GIVEN ENTRIES:
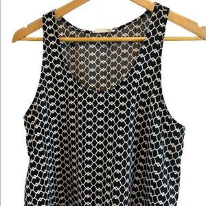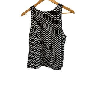 LUSH Black & White Link Print Sateen Scoop Neck Sleeveless Loose Tank Top M
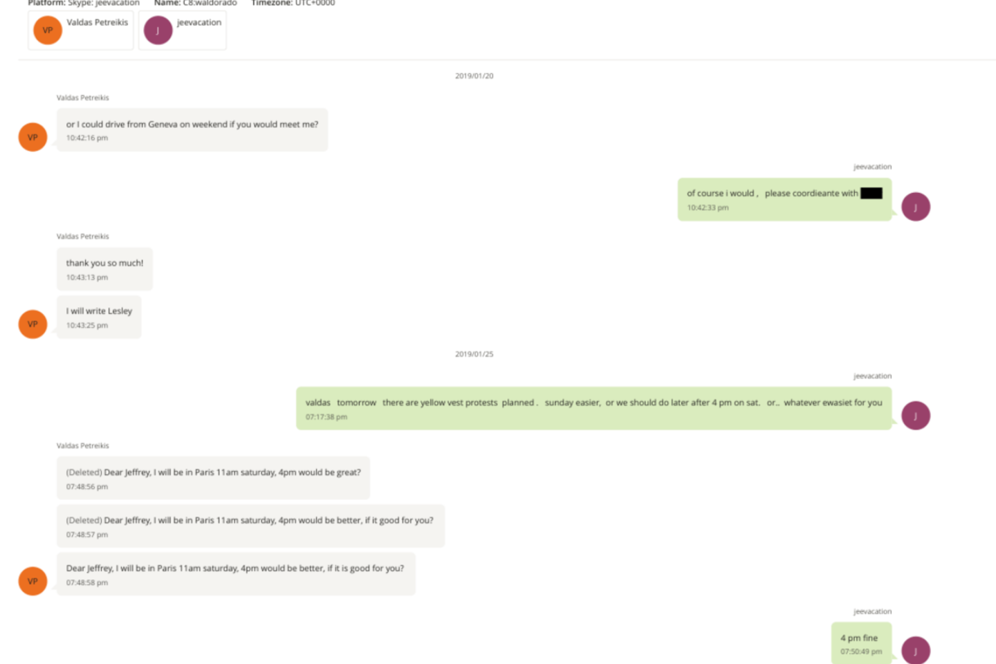2019 m. sausio 20–23 d. vyko elektroninis susirašinėjimas tarp Valdo Petreikio ir Jeffrey Epsteino aplinkos atstovų dėl galimo susitikimo Paryžiuje.
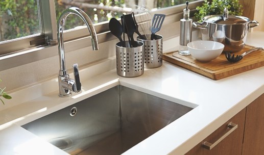 Inox heeft een eigentijdse uitstraling en is vlot combineerbaar met andere materialen, zoals hout, natuursteen en composiet. Een spoelbak in inox is sterk en gaat bij normaal gebruik een leven lang mee. Hij is bestand tegen hoge temperaturen en gemakkelijk te onderhouden.
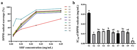 DPPH radical scavenging abilities of nine SHFs: (a) DPPH radical scavenging abilities of nine SHFs within concentration range 0.002–0.05 mg/mL; and (b) IC50 for DPPH radicals. Differing letters above bars indicate significant (p < 0.05) differences according to Tukey’s multiple comparisons test.
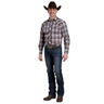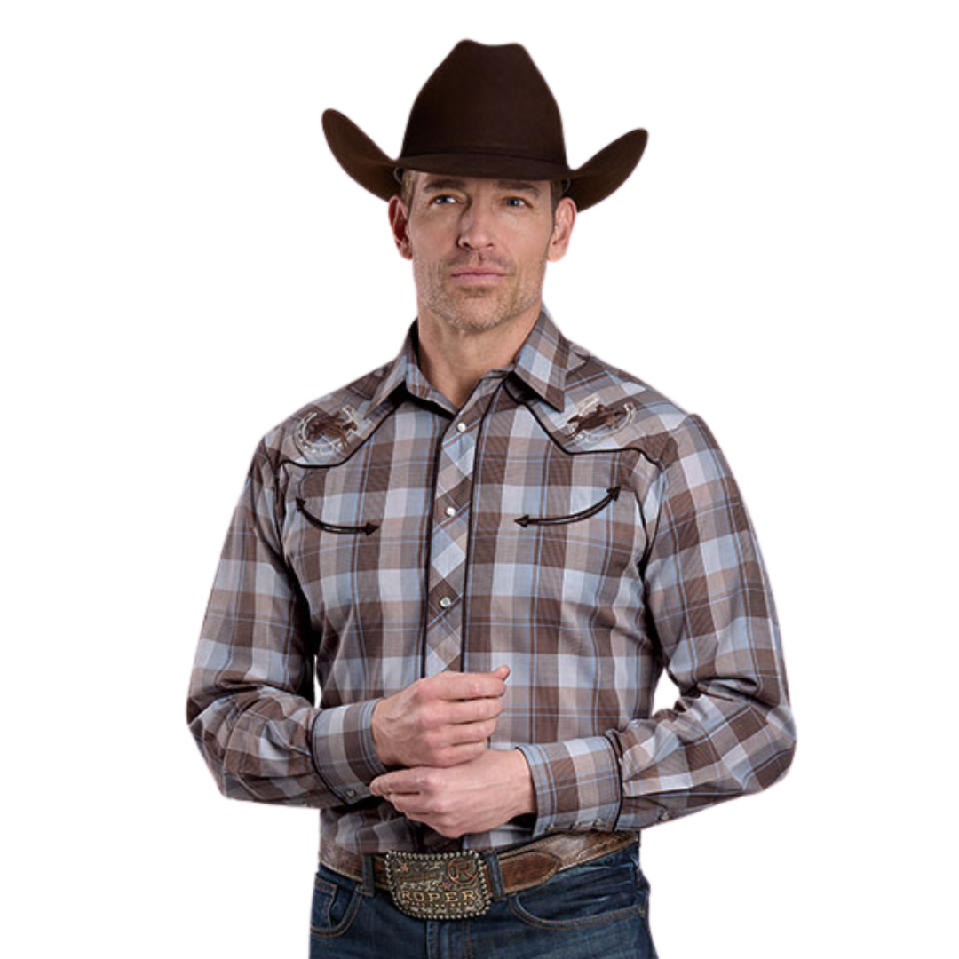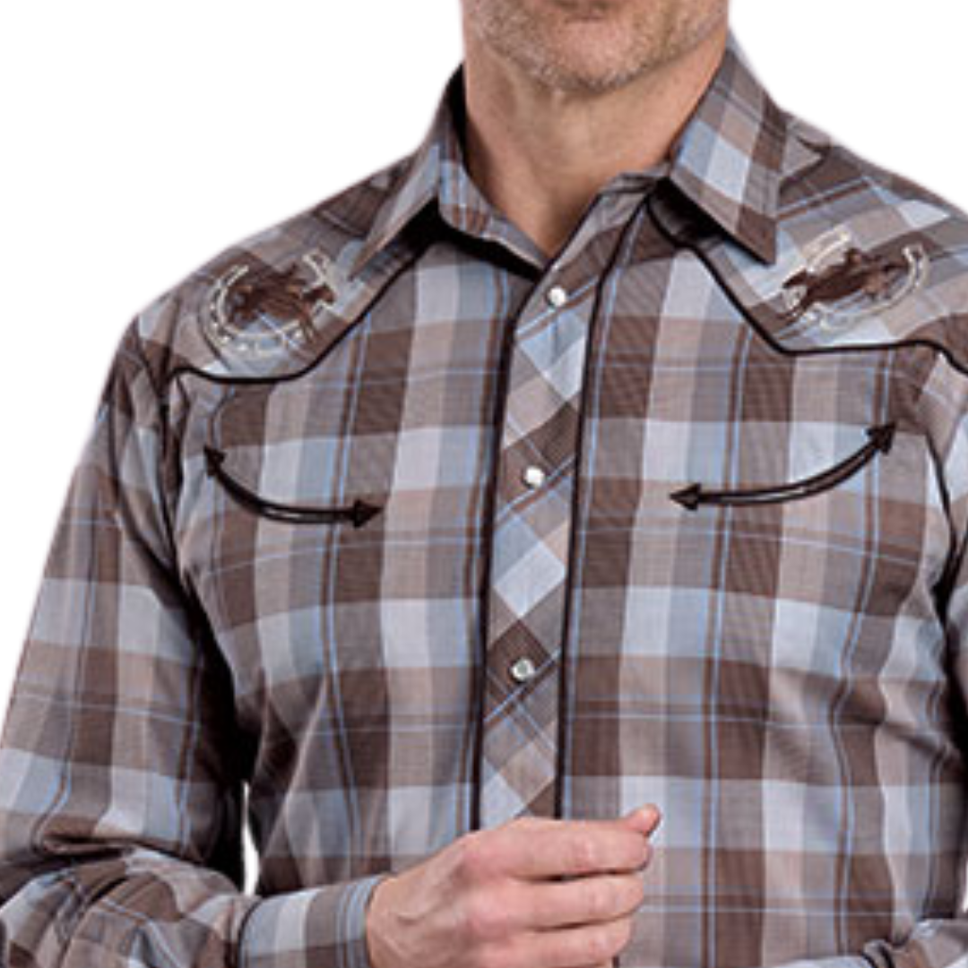 Experience classic western style with this Men's Brown Plaid Long Sleeve Shirt. Crafted from a durable cotton/poly broadcloth blend, it features a curved one-point back yoke and solid piping trim for a refined look. Smile-shaped pockets with arrow points add distinct flair, while embroidered front yokes enhance its rugged charm. Finished with a convenient three-snap cuff, this shirt combines comfort and authentic western detail for everyday wear or special occasions.

EXERCISE: Retype the data above verbatim, minus images.

SOLUTION:
 LUSH Black & White Link Print Sateen Scoop Neck Sleeveless Loose Tank Top M
2019 m. sausio 20–23 d. vyko elektroninis susirašinėjimas tarp Valdo Petreikio ir Jeffrey Epsteino aplinkos atstovų dėl galimo susitikimo Paryžiuje.
 Inox heeft een eigentijdse uitstraling en is vlot combineerbaar met andere materialen, zoals hout, natuursteen en composiet. Een spoelbak in inox is sterk en gaat bij normaal gebruik een leven lang mee. Hij is bestand tegen hoge temperaturen en gemakkelijk te onderhouden.
 DPPH radical scavenging abilities of nine SHFs: (a) DPPH radical scavenging abilities of nine SHFs within concentration range 0.002–0.05 mg/mL; and (b) IC50 for DPPH radicals. Differing letters above bars indicate significant (p < 0.05) differences according to Tukey’s multiple comparisons test.
 Experience classic western style with this Men's Brown Plaid Long Sleeve Shirt. Crafted from a durable cotton/poly broadcloth blend, it features a curved one-point back yoke and solid piping trim for a refined look. Smile-shaped pockets with arrow points add distinct flair, while embroidered front yokes enhance its rugged charm. Finished with a convenient three-snap cuff, this shirt combines comfort and authentic western detail for everyday wear or special occasions.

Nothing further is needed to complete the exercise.